Dix ans après les émeutes de banlieue, la situation a-t-elle changé dans le Rhône ?

Dix ans après les émeutes de banlieue, la situation a-t-elle changé dans le Rhône ?


Provoquées par la mort à Clichy-sous-Bois, de deux adolescents, Zyed et Bouna, qui fuyaient la police, les émeutes d’octobre 2005 avaient duré près de trois semaines et avaient touché toute la France, y compris la banlieue lyonnaise.

A la Duchère, "le quartier ne s’était pas réellement embrasé", selon l’actuel maire du 9e arrondissement de Lyon, Hubert Julien-Laferrière. Mais une tension était bien présente dans le quartier. En particulier entre la jeunesse et la police, représentante de l’Etat. En témoigne une vidéo tournée par les équipes de TF1, durant la période des émeutes. Elle montrait alors des fonctionnaires, lors d’un contrôle d’identité, tenant un discours provocateur en affirmant, "nous à la limite, plus ça merde dans le quartier, plus on est content.

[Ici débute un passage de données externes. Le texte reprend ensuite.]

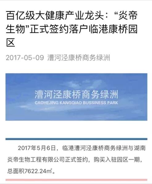 5月6日,临港漕河泾康桥商务绿洲与湖南炎帝生物工程有限公司正式签约,购买入驻园区一期,总面积7622.24平方米。

Parce que nous on n’est pas des assistantes sociales".

 

Une jeunesse au grand coeur ?

Depuis, le maire du 9e, a "pris conscience à quel point la population avait le sentiment de ne pas se sentir concernée par les institutions" et qu’il "fallait innover de façon à impliquer les habitants dans les décisions locales, et même nationales. Pour cela, il a fallu transformer l’urbain en ne faisant pas que démolir et reconstruire. Insérer un développement économique, mais aussi soutenir les actions sociales, culturelles, de santé, etc. était important car l’argent ne suffisait pas".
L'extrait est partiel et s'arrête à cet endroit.